* **Task goal**
When you reach a picture, skip it, and retype every line below exactly.

* **Given data**
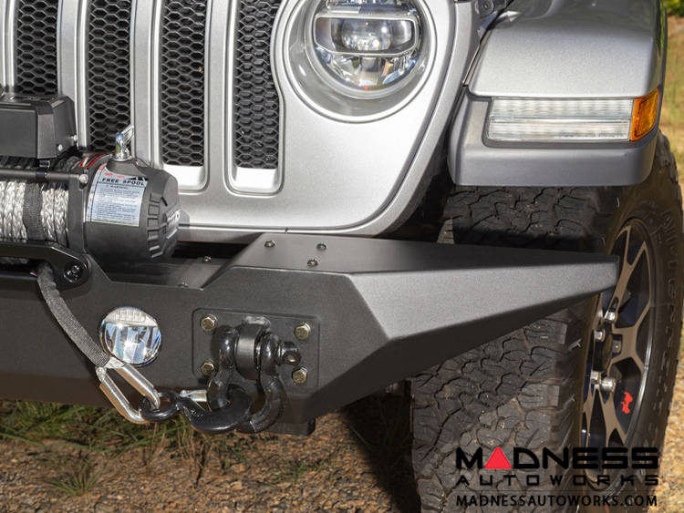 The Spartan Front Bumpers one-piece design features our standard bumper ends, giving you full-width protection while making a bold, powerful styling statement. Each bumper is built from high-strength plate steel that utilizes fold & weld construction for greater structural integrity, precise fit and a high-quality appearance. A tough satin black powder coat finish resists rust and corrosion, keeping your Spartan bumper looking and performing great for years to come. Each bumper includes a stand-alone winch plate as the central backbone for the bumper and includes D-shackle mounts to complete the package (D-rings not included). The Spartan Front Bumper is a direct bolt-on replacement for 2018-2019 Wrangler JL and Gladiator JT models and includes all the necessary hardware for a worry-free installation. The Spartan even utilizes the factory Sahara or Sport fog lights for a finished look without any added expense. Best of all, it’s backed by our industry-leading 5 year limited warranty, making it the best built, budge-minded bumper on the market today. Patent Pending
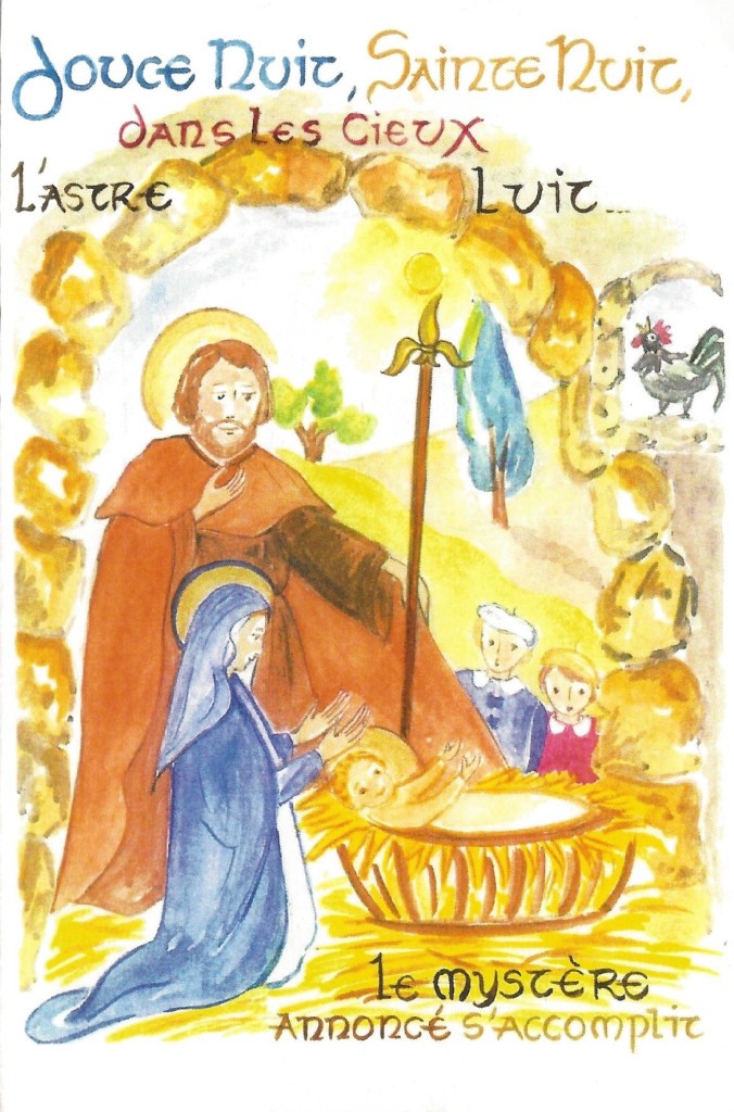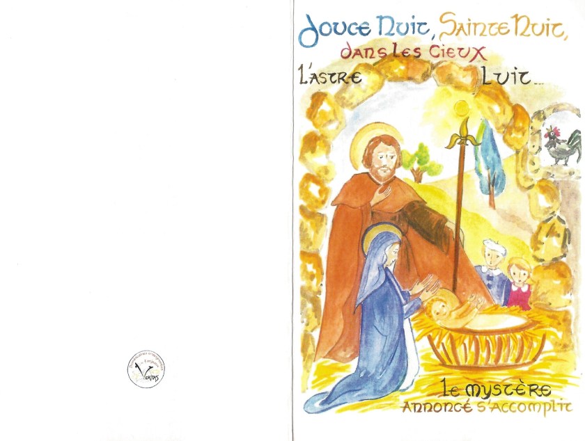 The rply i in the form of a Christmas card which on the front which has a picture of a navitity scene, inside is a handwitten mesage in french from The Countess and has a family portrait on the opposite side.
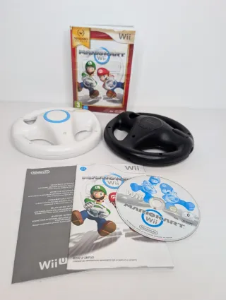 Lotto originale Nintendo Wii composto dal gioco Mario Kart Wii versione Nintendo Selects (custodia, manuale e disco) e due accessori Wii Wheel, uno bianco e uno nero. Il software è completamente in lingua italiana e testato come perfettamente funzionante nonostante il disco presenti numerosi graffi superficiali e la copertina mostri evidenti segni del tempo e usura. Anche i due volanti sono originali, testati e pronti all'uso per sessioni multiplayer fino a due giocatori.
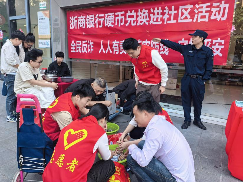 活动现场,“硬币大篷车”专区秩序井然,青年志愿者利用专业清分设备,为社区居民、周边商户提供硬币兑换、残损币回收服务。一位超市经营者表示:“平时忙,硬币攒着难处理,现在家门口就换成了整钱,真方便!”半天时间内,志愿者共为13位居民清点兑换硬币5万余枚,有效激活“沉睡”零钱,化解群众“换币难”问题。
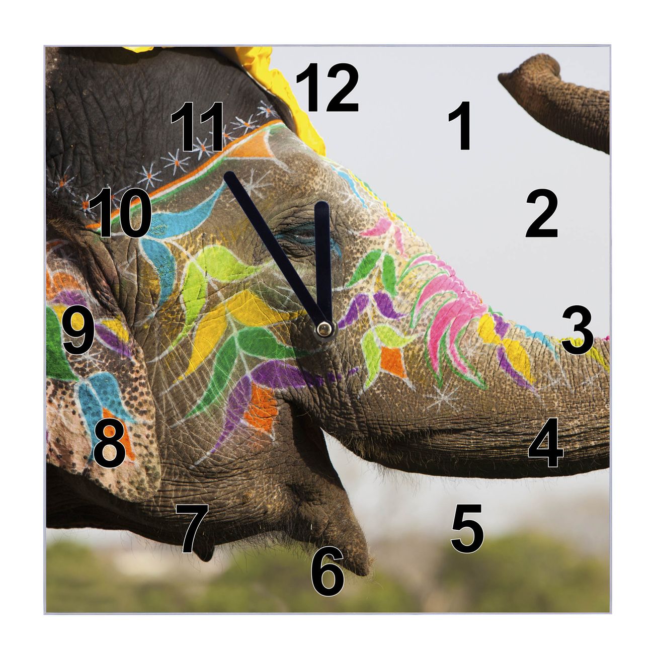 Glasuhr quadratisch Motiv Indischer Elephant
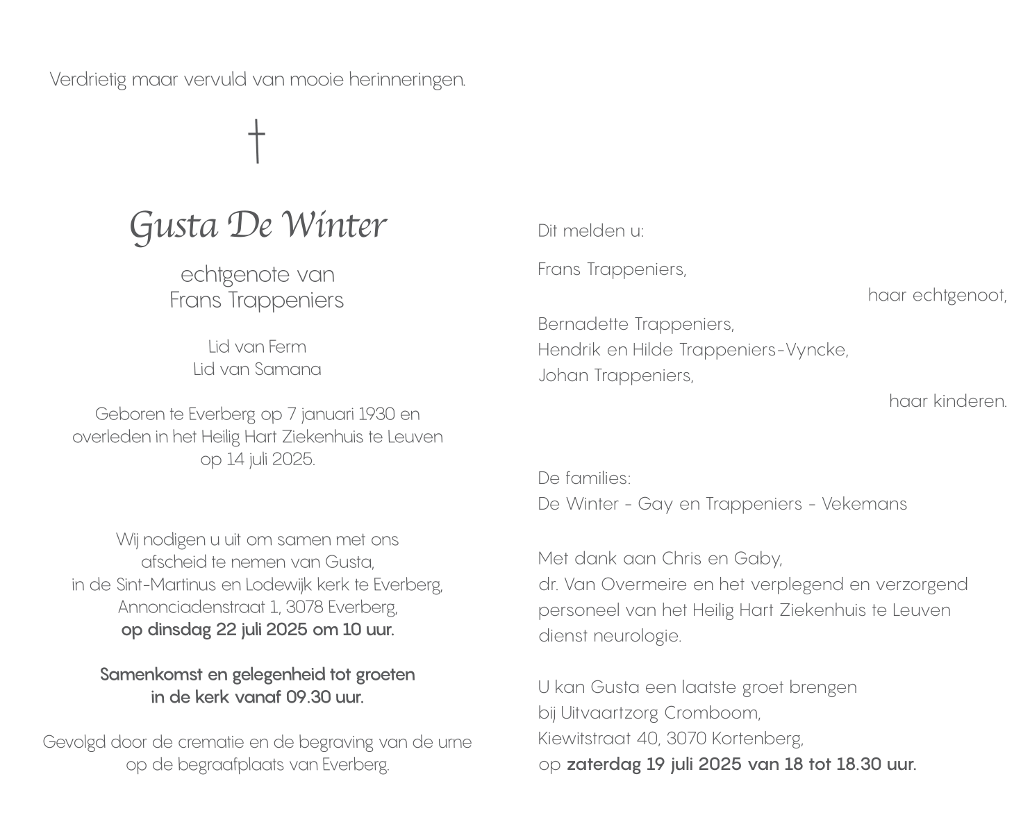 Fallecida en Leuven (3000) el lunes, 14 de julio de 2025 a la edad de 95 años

* **Output for this exercise**
 The Spartan Front Bumpers one-piece design features our standard bumper ends, giving you full-width protection while making a bold, powerful styling statement. Each bumper is built from high-strength plate steel that utilizes fold & weld construction for greater structural integrity, precise fit and a high-quality appearance. A tough satin black powder coat finish resists rust and corrosion, keeping your Spartan bumper looking and performing great for years to come. Each bumper includes a stand-alone winch plate as the central backbone for the bumper and includes D-shackle mounts to complete the package (D-rings not included). The Spartan Front Bumper is a direct bolt-on replacement for 2018-2019 Wrangler JL and Gladiator JT models and includes all the necessary hardware for a worry-free installation. The Spartan even utilizes the factory Sahara or Sport fog lights for a finished look without any added expense. Best of all, it’s backed by our industry-leading 5 year limited warranty, making it the best built, budge-minded bumper on the market today. Patent Pending
 The rply i in the form of a Christmas card which on the front which has a picture of a navitity scene, inside is a handwitten mesage in french from The Countess and has a family portrait on the opposite side.
 Lotto originale Nintendo Wii composto dal gioco Mario Kart Wii versione Nintendo Selects (custodia, manuale e disco) e due accessori Wii Wheel, uno bianco e uno nero. Il software è completamente in lingua italiana e testato come perfettamente funzionante nonostante il disco presenti numerosi graffi superficiali e la copertina mostri evidenti segni del tempo e usura. Anche i due volanti sono originali, testati e pronti all'uso per sessioni multiplayer fino a due giocatori.
 活动现场,“硬币大篷车”专区秩序井然,青年志愿者利用专业清分设备,为社区居民、周边商户提供硬币兑换、残损币回收服务。一位超市经营者表示:“平时忙,硬币攒着难处理,现在家门口就换成了整钱,真方便!”半天时间内,志愿者共为13位居民清点兑换硬币5万余枚,有效激活“沉睡”零钱,化解群众“换币难”问题。
 Glasuhr quadratisch Motiv Indischer Elephant
 Fallecida en Leuven (3000) el lunes, 14 de julio de 2025 a la edad de 95 años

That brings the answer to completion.